B. Morão, C. Frias Gomes, C. Gouveia, M.P. Costa Santos, J. Torres

Hospital Beatriz Ângelo, Surgery Department, Gastroenterology Division, Lisbon, Portugal

Background

Patient stratification according to the risk of developing complications is an essential step to define the best treatment approach in patients with ulcerative colitis (UC). Recently, Siegel et al (Gut 2017) published a score that aims to access the disease severity, considering disease activity (both clinical and endoscopic factors) and complications during the disease course, ranging from 0 to 100 values (higher values indicating worse disease severity). Our goal was to evaluate the capacity of this score calculated at the time of diagnosis (dx) to predict disease course during follow-up (FU): steroid use, therapy escalation to immunomodulators or biologics, hospitalisation and/or abdominal surgery.

Methods

Retrospective cohort study including incident cases of UC in our centre between December 2012 and December 2018. We calculated the score at the time of dx and at the end of FU and collected data about disease course.

Results

Eighty-five patients (57% men with a mean age of 43 ± 17 years) with newly diagnosed UC were included. Disease extension according to Montreal was E1 in 30/85 patients, E2 in 37/85 patients and E3 in 18/85 patients. Median FU time was 40 months. Median risk score at the time of dx was 30 (IQR 3–91) and it was higher in patients with younger age (36 vs. 26, p = 0.08) and extensive colitis (64 vs. 26, p < 0.001). During FU, 19/85 and 17/85 patients needed steroid use and therapy escalation, respectively. Proximal disease extension occurred in one patient.
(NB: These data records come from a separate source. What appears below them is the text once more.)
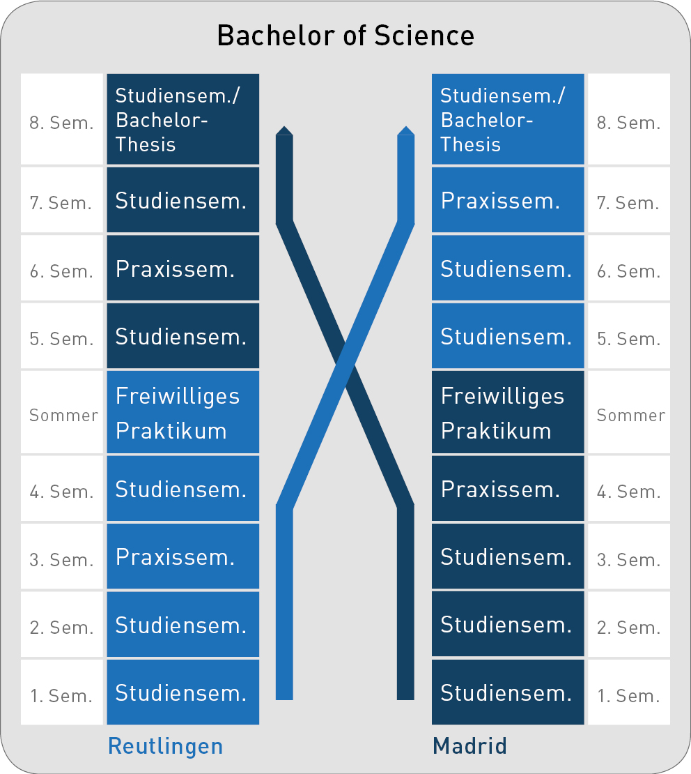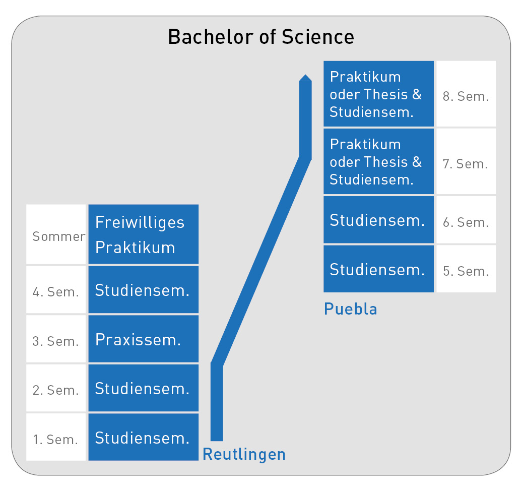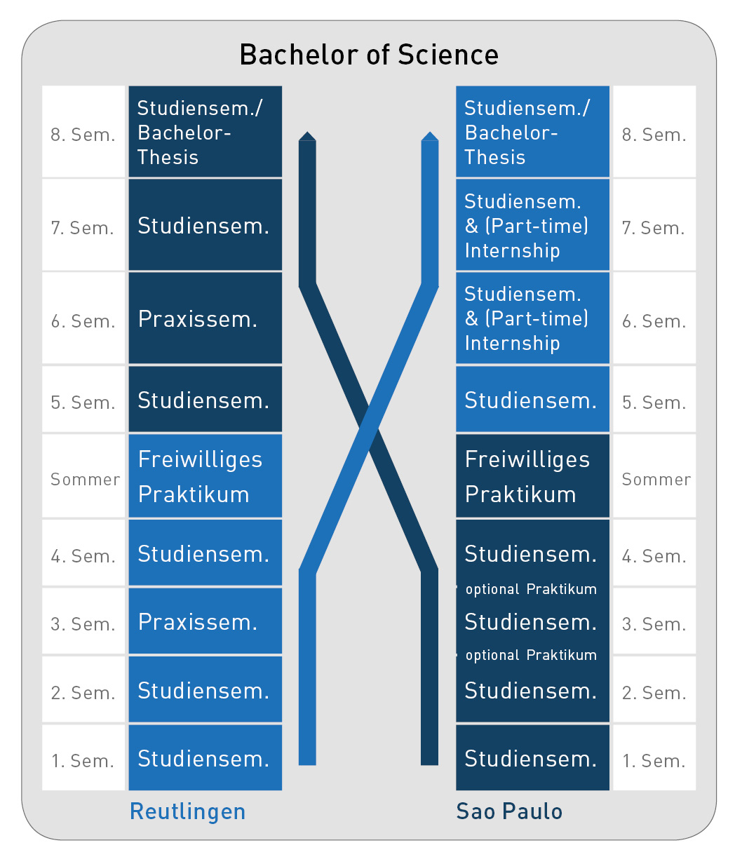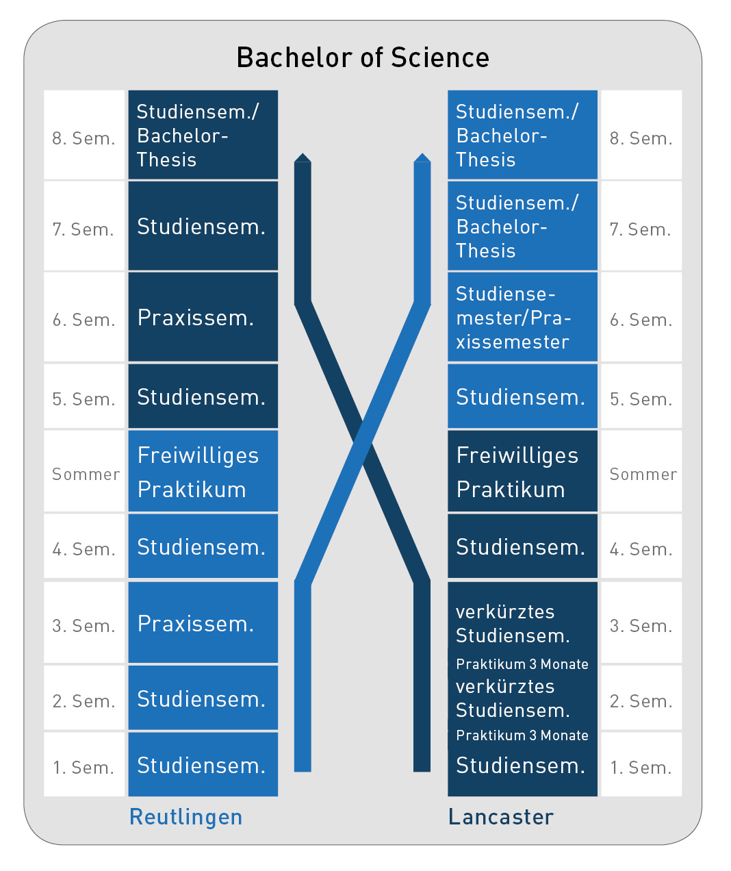 Wer in Reutlingen beginnt, absolviert im dritten Semester ein Praktikum in Deutschland und im sechsten Semester ein Praktikum in Großbritannien.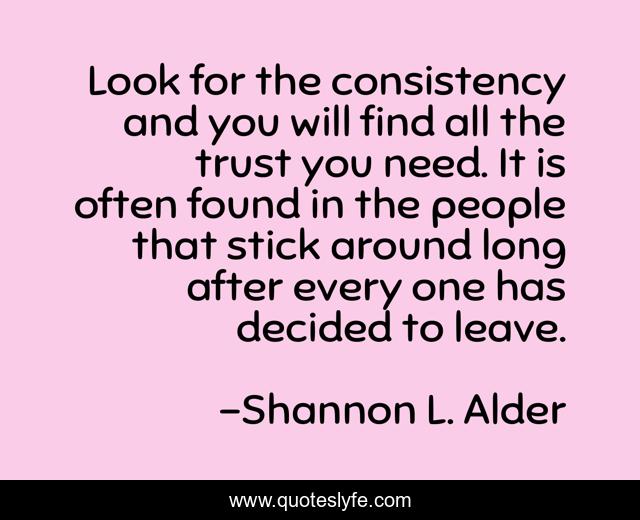 This page presents the quote "Look for the consistency and you will find all the trust you need. It is often found in the people that stick around long after every one has decided to leave.". Author of this quote is Shannon L. Alder. .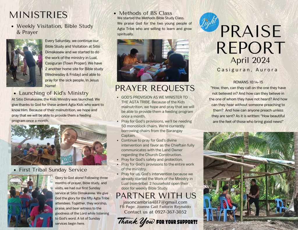 - Financial Provision for Missionaries: Pray that Jason and Joanna receive financial support to effectively sustain and expand their missionary work.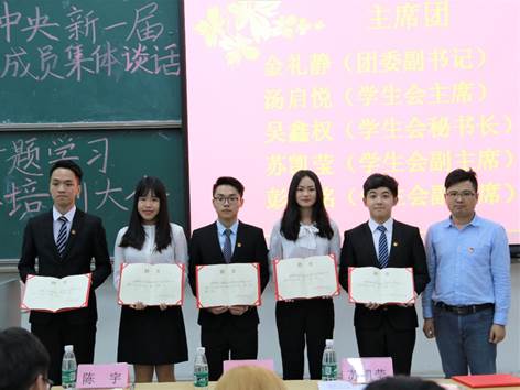 接下来,主持人公布了2017-2018年365英国上市公司团学优秀部门名单,陈宇为优秀部门颁发荣誉证书,以兹鼓励。紧接着是团学各部门介绍的环节,借此机会,同学们对团学部门的情况有了更为深入的了解。在为2018届主席团成员以及各部门正副部长颁发聘书后,以习近平集体谈话内容为题目的知识竞赛使得现场的气氛更为热烈,学术部在此竞赛中一举夺魁。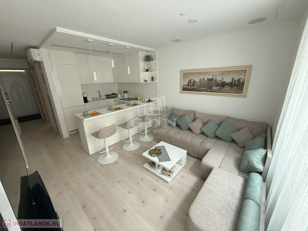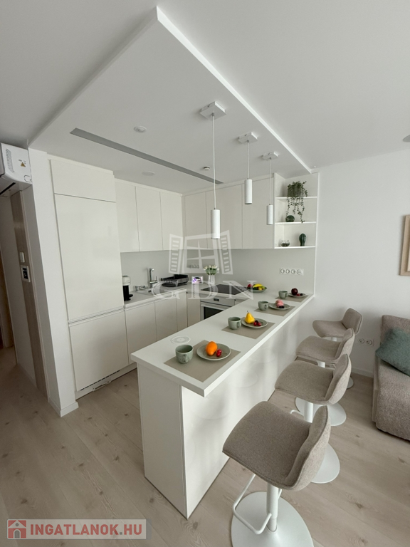Kényelmes hálószoba és egy tágas, amerikai konyhás nappali ad teret a közös pillanatoknak, vendégek fogadásának vagy a családi együttléthez.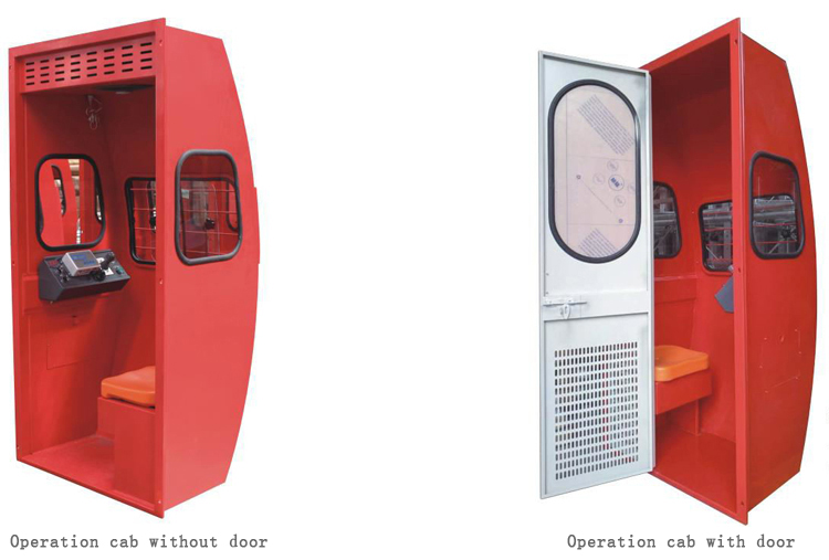 Cage with perforated aluminium and operation cab.
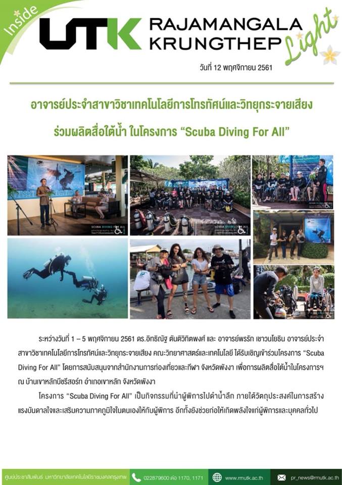 Title: | อาจารย์ประจำสาขาวิชาเทคโนโลยีการโทรทัศน์และวิทยุกระจายเสียง ร่วมผลิตสื่อใต้น้ำ ในโครงการ "Scuba Diving For ALL" |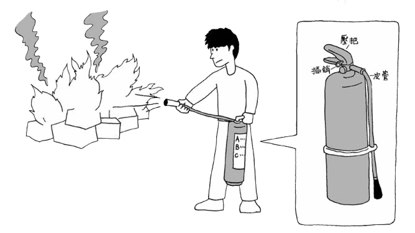 ⑤左右掃射,將起火物覆蓋上乾粉使用滅火器噴出時為高壓性,可能造成燃燒物之飛濺, 使滅火人員受傷,應保持適當距離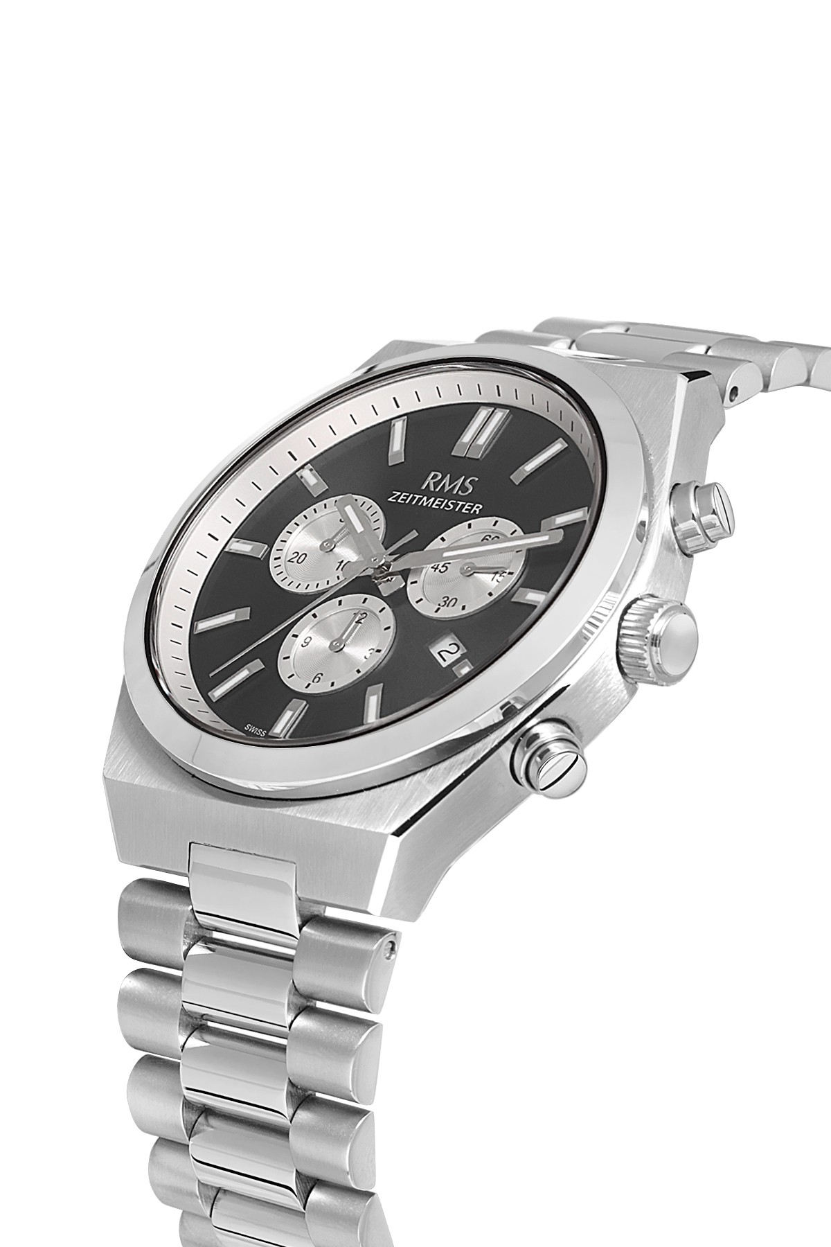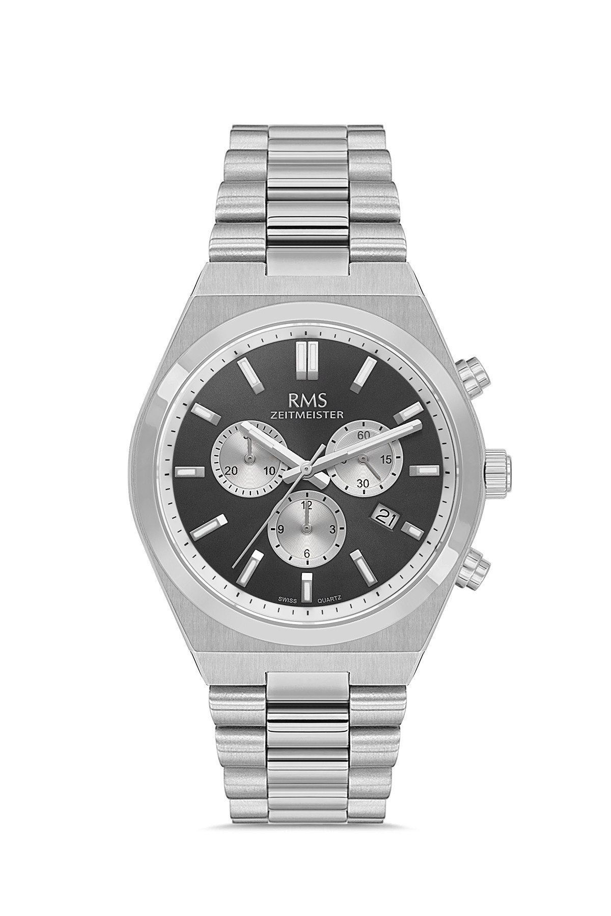 Erkek - Kronometre - Gümüş - Si̇yah - Paslanmaz Masi̇f Çeli̇k - 5 Atm - Safi̇r Cam - Grand Romanson - 45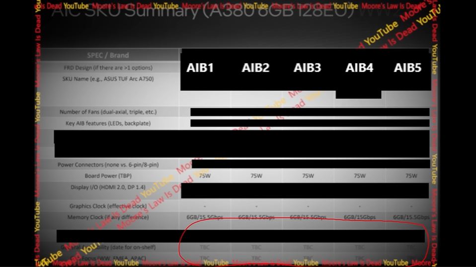 Om de beweringen van de AIB bronnen kracht bij te zetten, toont de leaker een slide met de vermelding "TBC", als de datum voor on-shelf AIB Arc A380 of A750 borden.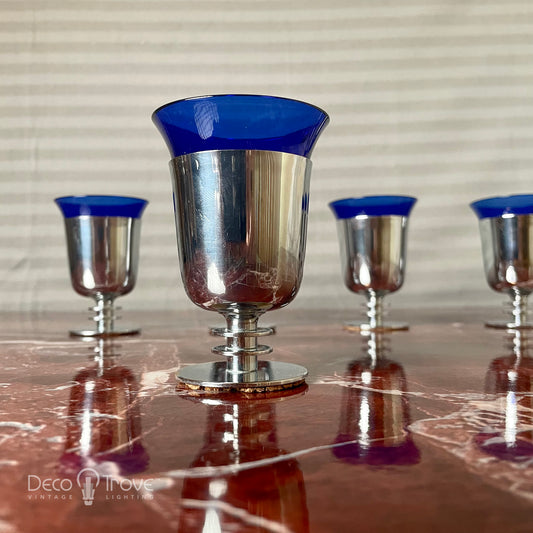 1930s Set of 6 Rare Machine Age Deco Chrome & Cobalt Cocktail Cups - Walter von Nessen

Hospital admission for acute exacerbation and/or colectomy was required in 6/85. The score at dx was higher in patients who underwent hospital admission or colectomy (score: 70 vs. 26, p = 0.002), or that needed steroid (score: 57 vs. 26, p < 0.001) or therapy escalation (score: 57 vs. 26, p < 0.001) during FU. In a survival analysis, the time for steroid use (plogrank < 0.001) or therapy escalation (plogrank < 0.001) was lower in patients with a higher score at dx (61 vs. 88 months and 56 vs. 86 months, respectively). The median score at the end of FU was 3 (IQR 0–66); a second colonoscopy was not available in three patients, who were not included in this analysis. There was a score reduction in 77/82 patients (39/82 had a score of 0). Only one patient had a similar score and 4/85 patients had a higher score. Patients with a significant score reduction during FU (below the median) were more frequently patients with no need for steroid use (p < 0.001) or therapy escalation (p = 0.002).

Conclusion

This severity score seems to be a promising tool for risk stratification and prognosis determination in patients with UC, and its utility should be validated in prospective studies.